It's recommended to look over [Hy's tutorial](http://docs.hylang.org/en/stable/tutorial.html) as it does a good job showcasing the various features of Hy. In short, Hy provides a Python-friendly Lisp which anyone who knows Python can easy pickup. Plus, you can import any Python code into Hy as well as importing Hy code to Python! Here is just a little taste of how Hy is structured: 

In [1]:
; Lisp-style Comments

;; Define function hello-world
(defn hello-world [name] (print "Hello" name "! It's a great day to be Lisping!"))

;; Evaluate
(hello-world "FooManCHEW")

Hello FooManCHEW ! It's a great day to be Lisping!


[None, None]

In [2]:
; Importing Numpy
(import [numpy :as np])

; Still be able to access attribute functions using dot notation
(setv x (np.ones '(10 10)))

; Quasi-quote and unquote
(print `(+ (+ 1 2) ~(- 4 3)))

HyExpression([
  HySymbol('+'),
  HyExpression([
    HySymbol('+'),
    HyInteger(1),
    HyInteger(2)]),
  1])


[None, None, None]

---
<a name="s4"></a>
## HyTorch In Action

<a name="s41"></a>
### PyTorch Models as Hy-Expressions:

First, let's load the necessary packages from HyTorch and Pytorch. We also will be setting our device to available resources. 

In [3]:
; Importing HyTorch Tools
(import [hytorch.core [|gensym print-lisp]])
(require [hytorch.core [|setv]])
(require [hytorch.thread [|-> |->> *-> *->>]])

; Import PyTorch
(import torch)
(import [torch.nn.functional :as tfun])

; Checking for available cuda device
(setv device (torch.device (if (.is_available torch.cuda) "cuda:0" "cpu")))

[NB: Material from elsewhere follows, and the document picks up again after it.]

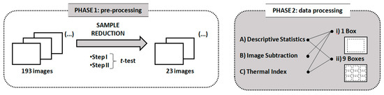 In the first step of the sample reduction, the statistic t-test was applied to compare sample means of the 193 thermal images. The average temperature of every two consecutive thermal images of the time sequence was compared to understand if they were statistically different. In the first attempt, a significance level of 5% was considered, but it proved to be a particularly demanding criterion as the results revealed that all images were statistically different. For that reason, a new criterion was implemented, establishing a t-value higher than 20 as the rejection limit. This procedure resulted in a 70% reduction, corresponding to 58 thermal images remaining.
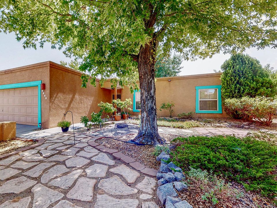 A true Taylor Ranch gem offering tranquility and a touch of Southwest charm awaits its new owner. The front courtyard, adorned with mature trees, provides an inviting entry and space to relax. The kitchen is sure to please with its ample amount of storage, built-in laptop station, SS appliances and breakfast nook. Gleaming laminate floors provide an understated elegance & warmth, and flow seamlessly through the formal dining room which is conveniently open to a sitting/flex room and the adjoining step-down living room with a large stone fireplace; perfect for those winter nights! The spacious Master Suite, with full bathroom, features a sizable added room w/backyard access which could easily function as an office, home gym, or nursery. The backyard is a lush paradise with covered patio,

[None, True, True, None, None, None]

Next, let's define a list of leaf tensors which will be our trainable parameters in the network. Hy allows us to write the leaf tensor defintions as Hy-expressions and store the code in a unevaluated list. We then generate a list of symbols that will be mapped to the tensors using `|gensym` and define an expression to assign the evaluated leaf tensor definitions to the list of generated symbols using `|setv`.

In [4]:
; Defining leaf tensors and variable names
(setv leaf-tensor-defs '[(torch.empty [10] :dtype torch.float32 :requires-grad True)
                         (torch.empty [10 10] :dtype torch.float32 :requires-grad True)
                         (torch.empty [10] :dtype torch.float32 :requires-grad True)
                         (torch.empty [1 10] :dtype torch.float32 :requires-grad True)
                         (torch.empty [1] :dtype torch.float32 :requires-grad True)])

; Generate symbols for tensor-defs
(setv leaf-tensors (|gensym leaf-tensor-defs "L_"))

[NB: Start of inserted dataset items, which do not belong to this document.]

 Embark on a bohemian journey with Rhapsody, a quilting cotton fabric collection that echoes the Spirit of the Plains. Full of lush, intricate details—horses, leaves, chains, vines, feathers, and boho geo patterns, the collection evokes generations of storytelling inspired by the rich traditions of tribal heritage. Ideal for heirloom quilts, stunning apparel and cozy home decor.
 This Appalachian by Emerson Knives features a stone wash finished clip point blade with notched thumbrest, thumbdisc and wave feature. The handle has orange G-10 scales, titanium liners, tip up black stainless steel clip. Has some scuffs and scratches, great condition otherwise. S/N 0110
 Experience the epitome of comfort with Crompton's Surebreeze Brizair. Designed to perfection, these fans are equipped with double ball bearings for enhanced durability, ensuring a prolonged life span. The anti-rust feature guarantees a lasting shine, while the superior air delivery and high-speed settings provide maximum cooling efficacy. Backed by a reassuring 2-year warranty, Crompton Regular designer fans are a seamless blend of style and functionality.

; Define assign expression for leafs
(setv create-leafs `(|setv ~leaf-tensors ~leaf-tensor-defs))

; Print reference symbols
(print-lisp leaf-tensors)

[L_0 L_1 L_2 L_3 L_4] 


[None, None, None, None]

Since our leaf tensors are empty at the momement, let's initialize each according to a random normal distribution and push each to our computing device. Again, the procedure for each leaf tensor can be defined in a list of unevaluated Hy-expressions. We can then apply these procedures by threading them to our leaf tensor symbols and store this expression for later use (thread macros are explained in the next section). Finally, we generate a new set of symbols for the initialized weights and define a setter expression for them.

In [5]:
; Define intialization procedures
(setv tensor-inits '[(-> torch.nn.init.normal (.to device))
                     (-> torch.nn.init.normal (.to device))
                     (-> torch.nn.init.normal (.to device))
                     (-> torch.nn.init.normal (.to device))
                     (-> torch.nn.init.normal (.to device))])

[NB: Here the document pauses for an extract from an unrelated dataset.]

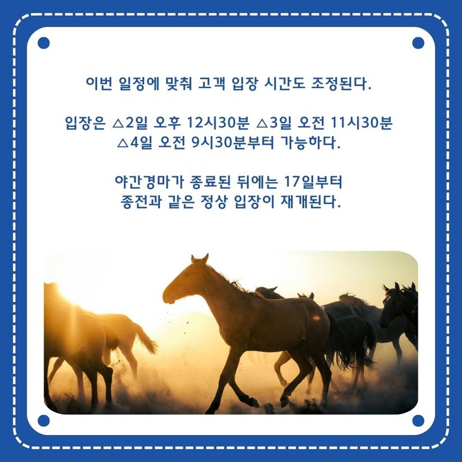한국마사회(회장 정기환)는 기존 금·토·일 일정 대신 하루씩 앞당겨 오는 2일부터 4일까지 사흘간 경마를 시행한다고 1일 밝혔다.

; Define init procedure application to leafs
(setv init-leafs (macroexpand `(|-> ~leaf-tensors ~tensor-inits)))

; Generate symbols for init weights
(setv w-tensors (|gensym leaf-tensor-defs "W_"))

; Define assign expression for weights
(setv init-weights `(|setv ~w-tensors ~init-leafs))

; Print
(print-lisp w-tensors)
(print-lisp init-leafs)

[W_0 W_1 W_2 W_3 W_4] 
[(.to (torch.nn.init.normal L_0) device) (.to (torch.nn.init.normal L_1) device) (.to (torch.nn.init.normal L_2) device) (.to (torch.nn.init.normal L_3) device) (.to (torch.nn.init.normal L_4) device)] 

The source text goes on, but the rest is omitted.